Zassoursky considered the intellectual and ethical education of students one of his principal achievements. Literature was taught by Andrei Sinyavsky, Galina Belaya, and Anatoly Bocharov; sociology by Boris Grushin and Yuri Levada. Ditmar Rosental, author of widely used schoolbooks of Russian language, worked as head of the Department of Russian language stylistics, where he was later succeeded by Ilya Tolstoy, great-grandson of Leo Tolstoy.

Many graduates of the Faculty of Journalism in the 1970s and 1980s went on to shape modern Russian journalism and television during the period of perestroika, others played leading roles in the history of post-Soviet Russia. Yet Zassoursky believed that journalism did not withstand the test of freedom, arguing that freedom necessarily requires responsibility — not to authorities, but to one's own conscience. Remarkably, despite consistent criticism of contemporary media and politics he was considered not an opponent but a member of Russian establishment.

On November 23, 2007, Zassoursky voluntarily resigned from the post of dean and became president of the Faculty of Journalism of Moscow State University. This position had not previously existed. According to the draft regulations on the president of the faculty, the president was tasked with overseeing the quality of education and research, determining international strategy, advising on key development issues, strengthening ties with the media industry, and promoting ethical principles of the profession. By decision of the Academic Council of Moscow State University on November 6, 2007, Professor Elena Vartanova became acting dean. On June 25, 2008, she was elected dean of the Faculty of Journalism and she still retains that position.

=== Later years ===
In his later years, Zassoursky taught courses like Introduction to World Journalism, History of Foreign Journalism, Modern Foreign Media, and 20th-Century Foreign Literature: Great Britain and the United States. He also conducted special seminars. He believed that Russian scholars had moved to the periphery of global intellectual discussion and argued that returning to engagement with global problems would be inevitable, however painful. At the same time, he was encouraged that surveys showed journalism students primarily sought meaningful professional work rather than merely high incomes. He became increasingly out of sync with the times but remained a moral authority.

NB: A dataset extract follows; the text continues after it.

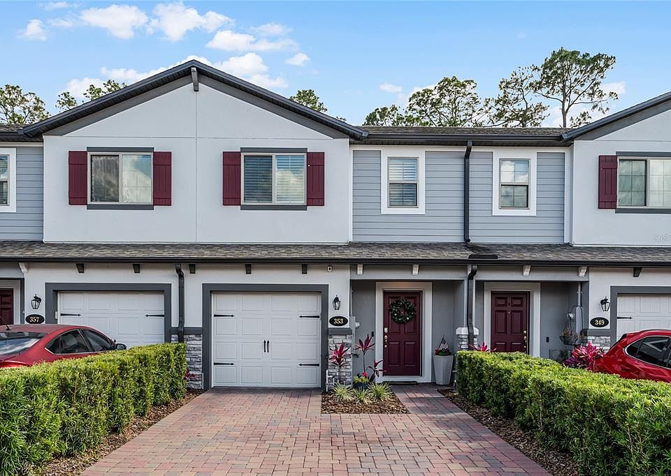 Come fall in love with this beautiful townhouse at the Towns at White Cedar. Built in 2020, this well-maintained, original-owner home is light, bright, and private, with a screened backyard lanai overlooking lush landscaping. The main living area features an open floor plan of kitchen, dining area, and living room. The well-appointed kitchen includes stainless steel appliances, granite counters, and stylish tile floors. The upstairs has a primary suite with a walk-in closet and spacious bathroom, two additional bedrooms with a shared bathroom, and a convenient loft area. Other notable features include custom barn-door laundry area, under stair storage closet with shelves, upgraded plumbing fixtures, gas range, designer ceiling fans, shutters, faux wood blinds, tankless hot water heater and a spotless garage with an epoxy non-skid floor and storage racks. Please call today to schedule a showing. Property may be under audio and video surveillance.

In 2004, the publishing house Journalist released the book "The Man-Faculty" about Zassoursky.

Until the last years of his life, he began his mornings with newspapers such as Izvestia, Nezavisimaya Gazeta, and Moskovsky Komsomolets, highlighting authors including Mikhail Rostovsky, Yulia Kalinina, Vsevolod Ovchinnikov, and Irina Petrovskaya. Since 1946, he regularly listened to the BBC, which he considered an exemplary school of objective journalism, and watched CNN and BBC World, subscribed to The Economist and other global media.

=== Death ===
Yassen Zassoursky died in Moscow on August 1, 2021, in his 92nd year. The burial of his ashes took place on September 9 at Troyekurovskoye Cemetery.

== Family ==
His father, Nikolai Vasilyevich Zassoursky (born Storozhev; 1897–1966), worked in the 1920s as an investigator in the Special Department of the Headquarters of the 4th Army and later as an authorized officer of the Cheka and OGPU with special powers and authority. He opposed lawlessness, mass murders, repressions and abuses committed in Crimea at the end of the civil war, and he personally authorised the arrest of the head of the Cheka of Ukraine for 10 days. Fearing reprisals, he changed his surname from Storozhev to Zassoursky. Later he worked in Soviet trade mission in Poland, then, upon return, in the People's Commissariat of Heavy Industry and later in the Research Institute of Industrial Buildings.

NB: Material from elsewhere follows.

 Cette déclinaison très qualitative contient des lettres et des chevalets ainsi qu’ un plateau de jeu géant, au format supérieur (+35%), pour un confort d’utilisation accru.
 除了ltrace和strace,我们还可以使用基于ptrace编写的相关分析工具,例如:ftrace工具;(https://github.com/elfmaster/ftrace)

His mother, Tatyana Fyodorovna Makarova (1905–1993), was deputy director of the Foreign Literature Publishing House. His parents met in Poland, where his father worked as a Soviet representative of Sovpoltorg and his mother was employed as a typist and stenographer at the embassy. After the Soviet ambassador Pyotr Voykov was murdered in Poland, he and his wife moved back to USSR and started new careers. Tatiana became a doctor, and Nikolai oversaw the industrialization of USSR in terms of industrial construction, recruitment and deals with US enterprises leading to the acquisition and establishment of hundreds of new factories bought in the US. He created and authored Soviet industrial construction standards.

Yassen Zassoursky was married to Svetlana Sherlaimova (1927–2019), the leading expert on Slavic literature and author of books and articles on Jaroslav Hašek, Karel Čapek, Václav Havel, Milan Kundera and many others. He had a son and two grandchildren, one of whom, Ivan Zassoursky, headed the Department of New Media and Communication Theory at the Faculty of Journalism of Moscow State University.

== Personality ==
Faculty members and students treated Zassoursky with great respect, which he earned by consistently acting as an arbiter and defender of his academic community and its freedoms. He was known for refined manners and personal conduct.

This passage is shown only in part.